The study, which was funded by the National Cancer Institute, involved 1,437 postmenopausal women from the Seattle area; 988 of these research participants had been previously diagnosed with breast cancer and 449 women who had no history of breast cancer served as a comparison group. The women were surveyed about perimenopausal and menopausal symptoms including hot flashes, night sweats, insomnia, depression, vaginal dryness, irregular or heavy menstrual bleeding, and anxiety.
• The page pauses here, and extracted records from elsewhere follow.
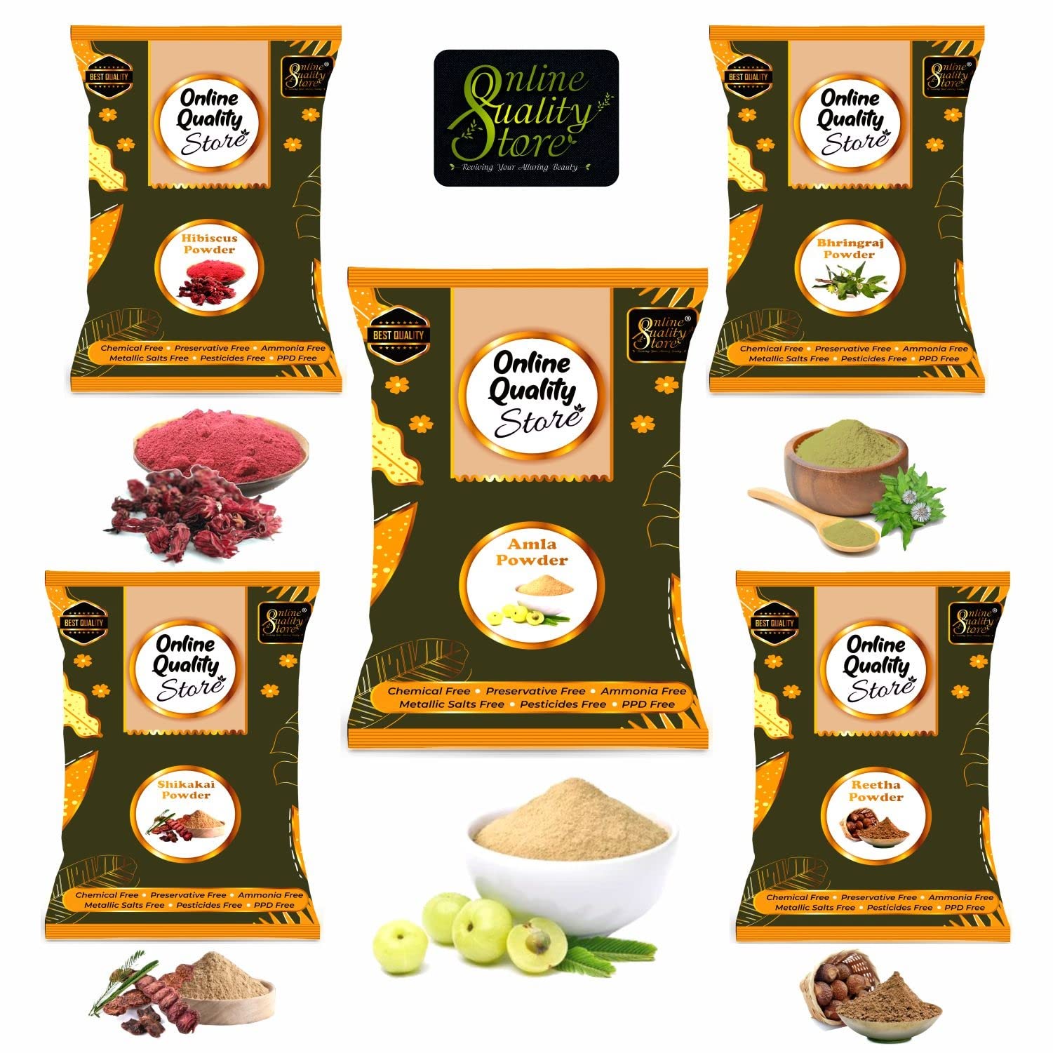 Online Quality Store Amla Reetha Shikakai Bhringraj and Hibiscus Powder for Hair |hair mask for dry and frizzy hair |hair pack powder |hair pack combo |hair mask for smoothening hair1400g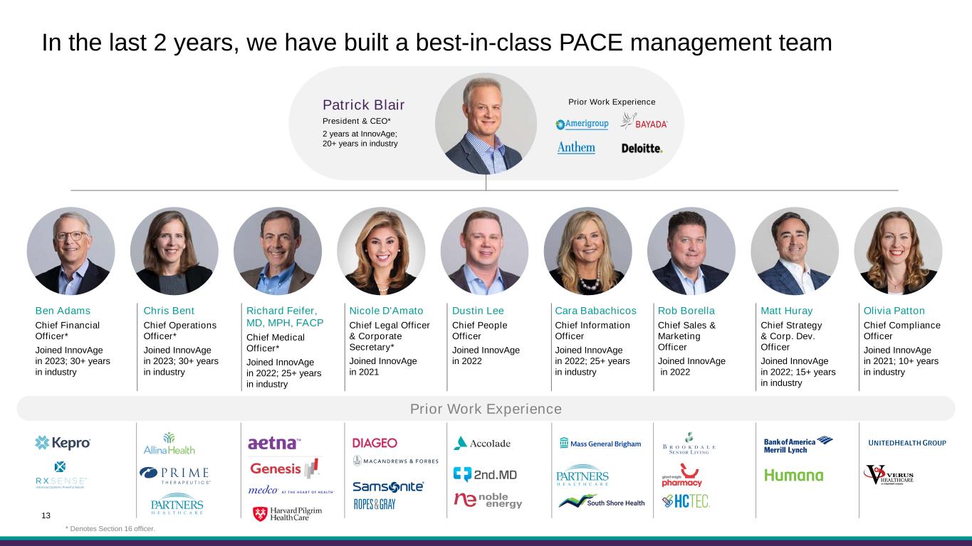 In the last 2 years, we have built a best-in-class PACE management team Patrick Blair President & CEO* 2 years at InnovAge; 20+ years in industry Ben Adams Chief Financial Officer* Joined InnovAge in 2023; 30+ years in industry Chris Bent Chief Operations Officer* Joined InnovAge in 2023; 30+ years in industry Richard Feifer, MD, MPH, FACP Chief Medical Officer* Joined InnovAge in 2022; 25+ years in industry Nicole D'Amato Chief Legal Officer & Corporate Secretary* Joined InnovAge in 2021 Dustin Lee Chief People Officer Joined InnovAge in 2022 Cara Babachicos Chief Information Officer Joined InnovAge in 2022; 25+ years in industry Rob Borella Chief Sales & Marketing Officer Joined InnovAge in 2022 Matt Huray Chief Strategy & Corp. Dev. Officer Joined InnovAge in 2022; 15+ years in industry Olivia Patton Chief Compliance Officer Joined InnovAge in 2021; 10+ years in industry Prior Work Experience Prior Work Experience 13 * Denotes Section 16 officer.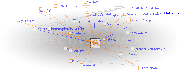 Le régime de légitimité numérique Condition ontologiquePour tenter de d’imaginer le régime de légitimité de la perspective numérique, il faut pousser les logiques des réseaux acentrés dans leurs retranchements afin de construire la cité idéale qui leur ressemble. Comme dans le cas des réseaux centrés, un dispositif acentré peut être considéré comme légitime dans la mesure où il donne le sentiment à chacun des acteurs qu'il pourrait idéalement l’administrer lui-même, voire en modifier éventuellement les règles de fonctionnement. L'utilisateur doit pouvoir vérifier par l'action directe sur le dispositif que son action est prise en compte et traitée immédiatement suivant des règles explicites, comme c’est aussi le cas des actions de tous les autres utilisateurs, y compris celles des auteurs des codes et des interfaces qui lui permettant de fonctionner. Comme dans le cas de la perspective temporelle, chacun doit pouvoir observer directement le résultat de son action personnelle au sein du collectif ( validation cognitive). Mais il faut de plus que le code fasse «lien», c’est à dire qu’il soit reconnu comme signe d’appartenance par le groupe qui l’utilise. Pour cela, d'une part le code doit laisser à chacun son libre arbitre pour savoir s'il le rejoint ou non, puis s'il se retire ou non. D'autre part, tout comme un lieu public n’impose pas les termes des conversations qui s’y déroulent, il ne doit pas présumer, ni de la nature ni de l’issue des interactions qui doivent donc rester le propre du groupe. En dernier ressort, cette reconnaissance du lien passe par une autre, celle du caractère "authentique" des échanges. Il s’agit de reconnaître l’autre et de démasquer tout ce qui n'est pas être lui. Une expérience ontologique en somme, dans laquelle il s’agit d’attendre que " ça arrive" (ou pas), de constater (ou pas) qu’une chose sublime (ou pas) et non préméditée (ou pas) émerge (ou pas) instant après instant à l’intérieur de laquelle chacun reconnaît sa présence (ou pas). En termes scientifiques, cela s'appelle un test de Turing, à l’envers, et à l’échelle collective. Enfin, plus encore que dans le cas de perspective spatiale, le résultat des échanges via un réseau acentré se doit d’être le bien commun des protagonistes. Une fois remplies ces conditions, de l’ interaction collective peut naître le référentiel qui permet à nouveau l’ interaction.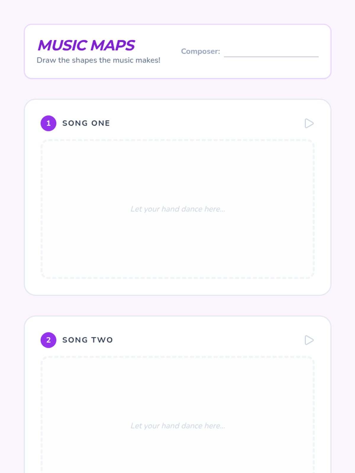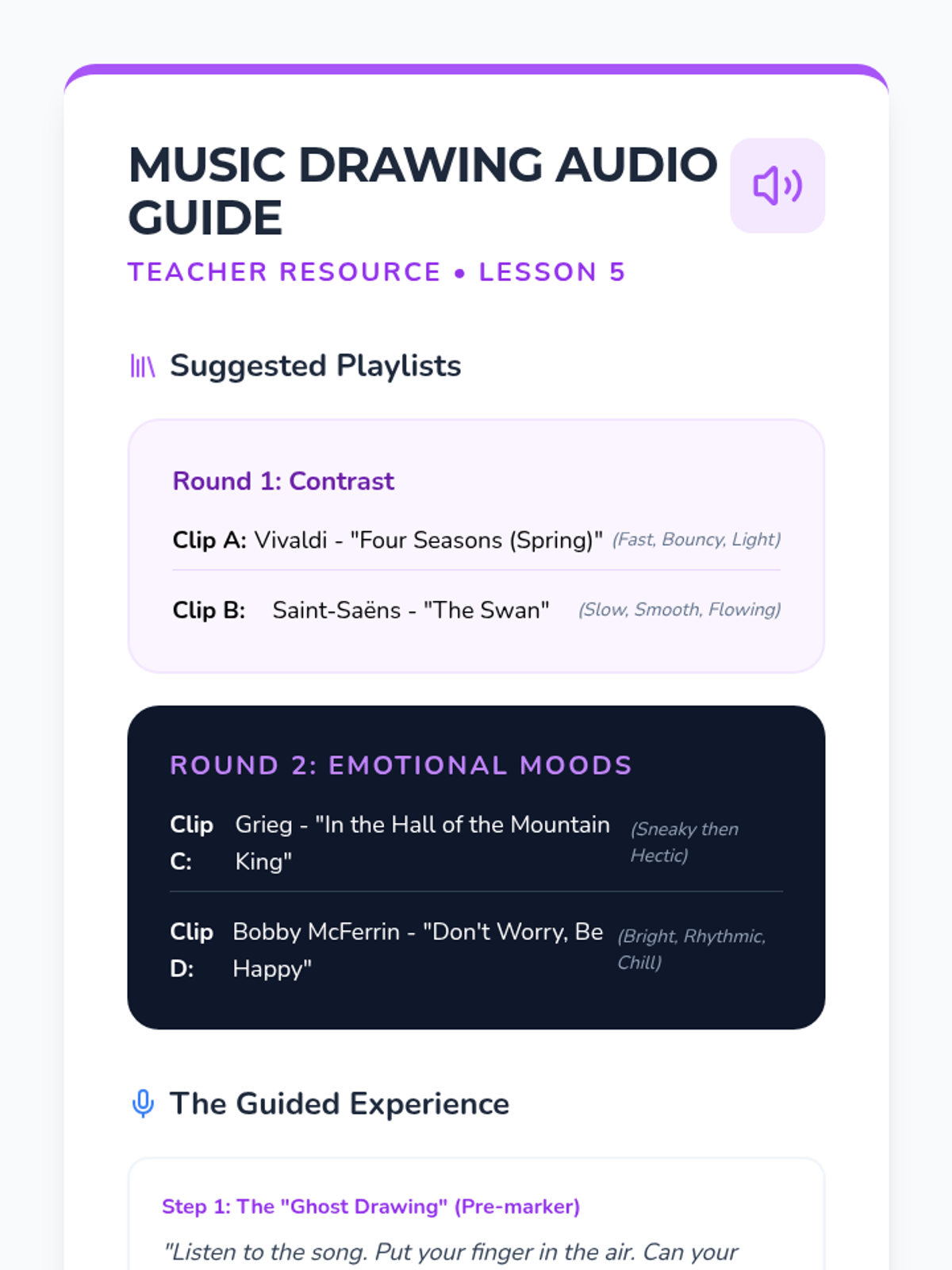 Students translate musical rhythms and moods into lines, shapes, and colors, connecting auditory input to visual creativity.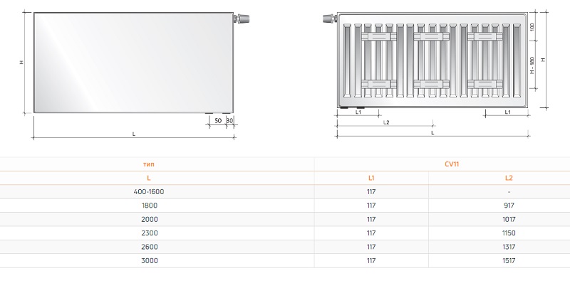Нижнє (50 мм) - подача завжди розташована за 80 мм від бокової стінки, зворотка за 30 мм. Радіато підключається за допомогою стандартного вузла нижнього підключення (бінокля).

"While menopausal symptoms can certainly have a negative impact on quality of life, our study suggests that there may be a silver lining if the reduction in breast cancer risk is confirmed in future studies," Dr. Li said. "If these findings are confirmed, they have the potential to improve our understanding of the causes of breast cancer and improve approaches to preventing this disease."

Dr. Li and his colleagues hypothesized that because menopausal symptoms occur as hormone levels fluctuate and drop, women who experience more frequent and severe symptoms might have a lower risk of breast cancer due to decreased estrogen levels. The study also indirectly raises another intriguing possibility: it suggests the possibility that hot flashes, sweating and other menopausal symptoms may actually be beneficial to the female body and perhaps even help block the development of breast cancer in some way.